Class InfrastructureAnalyzer

  • public class InfrastructureAnalyzer
    extends Object
    Central place for analyzing and obtaining static infrastructure properties such as memory and number of logical processors.
    • Constructor Detail

      • InfrastructureAnalyzer

        public InfrastructureAnalyzer()
    • Method Detail

      • getLocalParallelism

        public static int getLocalParallelism()
        Gets the number of logical processors of the current node, including hyper-threading if enabled.
        number of local processors of the current node
      • getRemoteParallelNodes

        public static int getRemoteParallelNodes()
        Gets the number of cluster nodes (number of tasktrackers).

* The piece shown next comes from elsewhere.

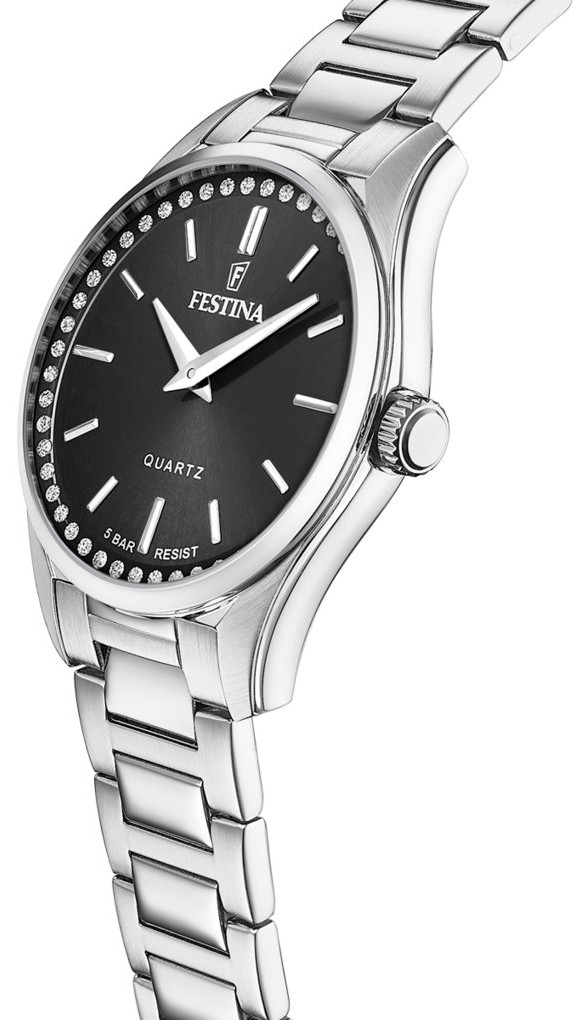 Festina Mademoiselle 20583/4 sú dámske batériové hodinky v klasickom štýle na oceľovom náramku s preklápacou sponou. Puzdro z nerezovej ocele má priemer 35,5 milimetra. Čierny číselník s efektom slnečného brusu zdobený čírymi zirkónmi po obvode je chránený odolným minerálnym sklíčkom. Pohon hodiniek zaisťuje quartzový strojček Miyota 2025-H1 s presnosťou ±20 sekúnd za mesiac. S vodotesnosťou 5 ATM sú hodinky odolné proti dažďu a pri sprchovaní.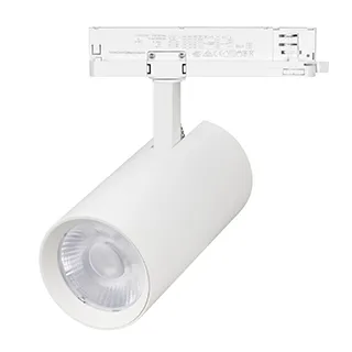 Светильник для треков/шин 4 провода с управлением DALI. Мощность 40Вт, св. поток без решетки honeycomb 4000 лм, 100 лм/Вт, с решеткой honeycomb 2640 лм, 66 лм/Вт, дневной 4000 K, CRI>90, угол 24°. Белый круглый корпус из алюминия, материал линзы PMMA, степень защиты IP20. Размер: диаметр 90 мм, длина световой части 141 мм. Входное напряжение AC220-240V. Драйвер встроенный 10-42В (300-800 мА), 50/60Гц, максимальная мощность 42W. Монтаж на трек 3-фазный.

If multiple tasktracker are started per node, each tasktracker is viewed as individual node.
        number of cluster nodes
      • getRemoteParallelMapTasks

        public static int getRemoteParallelMapTasks()
        Gets the number of remote parallel map slots.
        number of remote parallel map tasks
      • setRemoteParallelMapTasks

        public static void setRemoteParallelMapTasks​(int pmap)
      • getRemoteParallelReduceTasks

        public static int getRemoteParallelReduceTasks()
        Gets the total number of remote parallel reduce slots.
        number of remote parallel reduce tasks
      • setRemoteParallelReduceTasks

        public static void setRemoteParallelReduceTasks​(int preduce)
      • getLocalMaxMemory

        public static long getLocalMaxMemory()
        Gets the maximum memory [in bytes] of the current JVM.
        maximum memory of the current JVM
      • setLocalMaxMemory

        public static void setLocalMaxMemory​(long localMem)
      • getLocalMaxMemoryFraction

        public static double getLocalMaxMemoryFraction()
      • isLocalMode

        public static boolean isLocalMode()
      • isLocalMode

        public static boolean isLocalMode​(org.apache.hadoop.mapred.JobConf job)
      • getCkMaxCP

        public static int getCkMaxCP()
        Gets the maximum local parallelism constraint.
        maximum local parallelism constraint
      • getCkMaxMR

        public static int getCkMaxMR()
        Gets the maximum remote parallelism constraint
        maximum remote parallelism constraint
      • getCmMax

        public static long getCmMax()
        Gets the maximum memory constraint [in bytes].
        maximum memory constraint
      • getBlockSize

        public static long getBlockSize​(org.apache.hadoop.fs.FileSystem fs)
      • getHDFSBlockSize

        public static long getHDFSBlockSize()
        Gets the HDFS blocksize of the used cluster in bytes.
        HDFS block size
      • extractMaxMemoryOpt

        public static long extractMaxMemoryOpt​(String javaOpts)
      • setMaxMemoryOpt

        public static void setMaxMemoryOpt​(org.apache.hadoop.mapred.JobConf job,
                                           String key,
                                           long bytes)
      • getClusterUtilization

        public static double getClusterUtilization​(boolean mapOnly)
                                            throws IOException
        Gets the fraction of running map/reduce tasks to existing map/reduce task slots. NOTE: on YARN the number of slots is a spurious indicator because containers are purely scheduled based on memory.
        mapOnly - if true, only look at map tasks
        cluster utilization (current / capacity)
        IOException - if IOException occurs